Research output: Contribution to journalArticlepeer-review


Background: Pain management physicians are increasingly focused on limiting prescription opioid abuse, yet existing tools for monitoring adherence have limited accuracy. Medication event monitoring system (MEMS) is an emerging technology for tracking medication usage in real-time but has not been tested in chronic pain patients on long-term opioid regimens. Objective: We conducted a pilot clinical trial to investigate the utility of MEMS for monitoring opioid adherence and compared to traditional methods including self-report diaries, urine drug screen (UDS), and physicians’ opinions. Methods: Opioid-maintained chronic pain patients were recruited from a pain management clinic. Participants (n=28) were randomly assigned to either receive MEMS bottles containing their opioid medication for a 90-day period or to continue using standard medication bottles. MEMS bottles were configured to record and timestamp all bottle openings and the number of pills that were removed from the bottle (via measurement of weight change). Results: Participants who received MEMS demonstrated highly heterogenous dosing patterns, with a substantial number of patients rapidly removing excessive amounts of medication and/or “stockpiling” medication. By comparison, physicians rated all participants as either “totally compliant” or “mostly compliant”. UDS results did not reveal any illicit drug use, but 25% of participants (n=7) tested negative for their prescribed opioid metabolite. MEMS data did not correlate with physician-rated adherence (P=0.24) and UDS results (P=0.77).

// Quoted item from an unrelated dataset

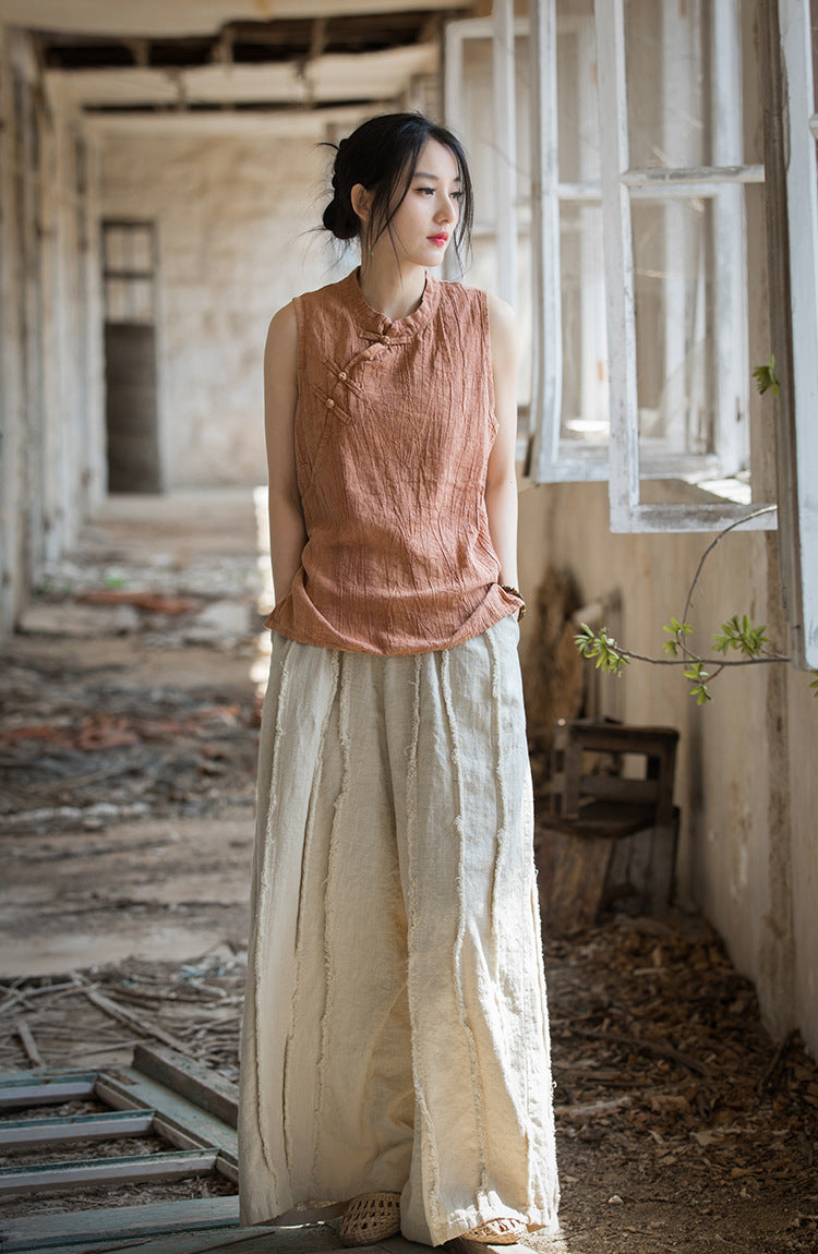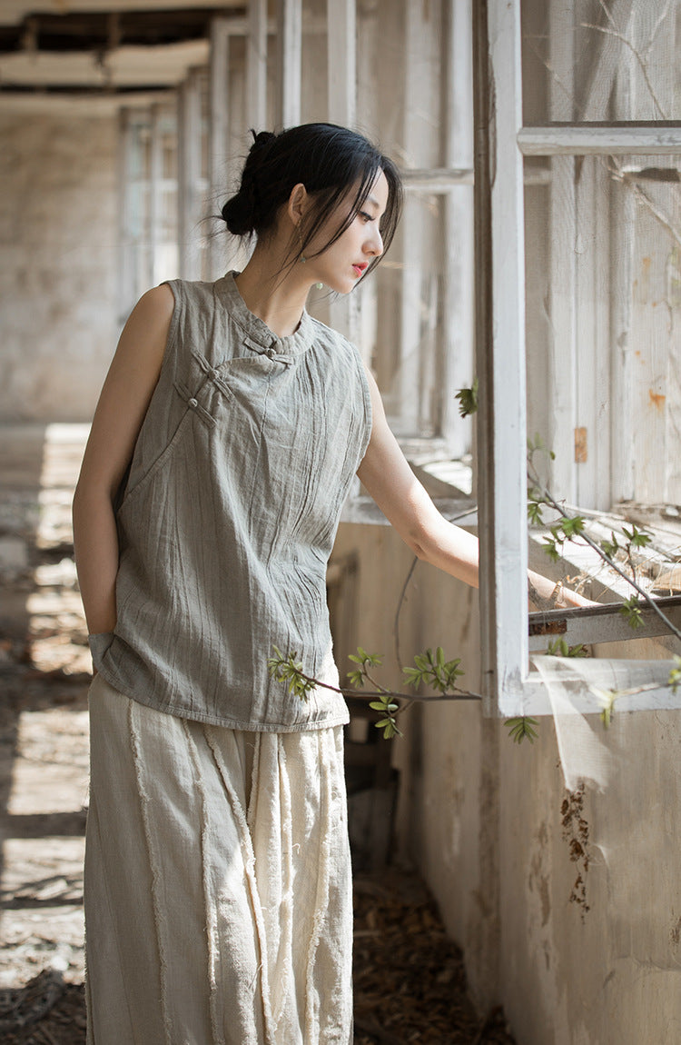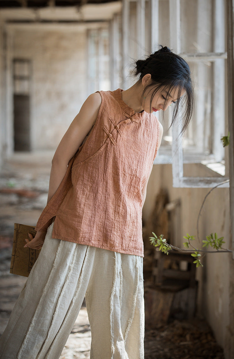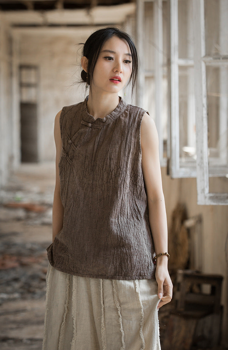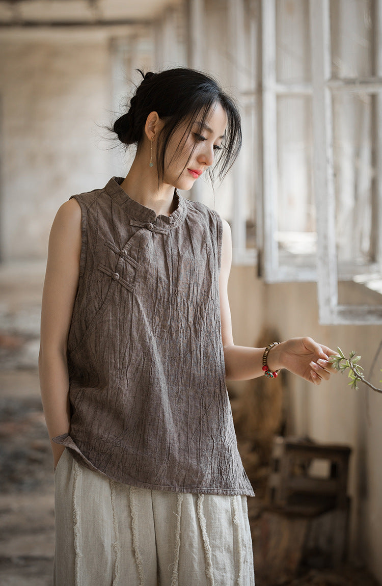 La blusa Vintage Cross Linen está confeccionada con lino 100 % natural, ofreciendo una sensación ligera y transpirable, ideal para climas cálidos. Diseñada con un corte sin mangas y detalles únicos de botones cruzados, esta blusa aporta un toque de elegancia vintage a la vez que mantiene un estilo sencillo y natural.

MEMS data consistently revealed greater non-adherence than self-report data (P<0.001). Conclusion: These results highlight the limits in our understanding of naturalistic patterns of daily opioid use in chronic pain patients as well as support the use of MEMS for detecting potential misuse as compared to routine adherence monitoring methods. Future research directions include the need to determine how MEMS could be used to improve patient outcomes, minimize harm, and aid in clinical decision-making.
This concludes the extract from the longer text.